Il peut être saisi par toute personne qui s’estime victime d’une discrimination mais peut peut également se saisir d’office ou être saisi par les ayants droit de la personne dont les droits et libertés sont en cause. Il assiste la victime de discrimination dans la constitution de son dossier et l’aide à identifier les procédures adaptées à son cas. Si les faits portés à sa connaissance lui semblent constitutifs d’un crime ou d’un délit, il en informe le procureur de la République. Il peut également présenter ses observations devant les juridictions civiles, pénales ou administratives saisies de faits relatifs à des discriminations.

Si une réclamation est adressée à un député, à un sénateur ou à un représentant français au Parlement européen, il la transmet au Défenseur des droits s’il estime qu’elle appelle son intervention.

La saisine du Défenseur des droits est gratuite et n’interrompt pas les délais de prescription des actions en matière civile, administrative ou pénale.

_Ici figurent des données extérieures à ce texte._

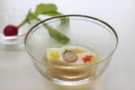 ③ 裏ごしを通して流し缶に流しいれ、冷やし固める。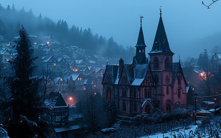 Village in the middle of a foggy valley with an old church

6. Que risque l’employeur en cas de discrimination?

La personne reconnue coupable de discrimination encourt :

• une sanction disciplinaire, s’il s’agit d’un salarié de l’entreprise,

• des sanctions pénales (trois ans d’emprisonnement et 45 000 euros d’amende).

Les personnes morales peuvent aussi être déclarées responsables pénalement d’actes de discriminations.

Les personnes condamnées pour discrimination depuis moins de 5 ans ne peuvent se porter candidats aux marchés publics.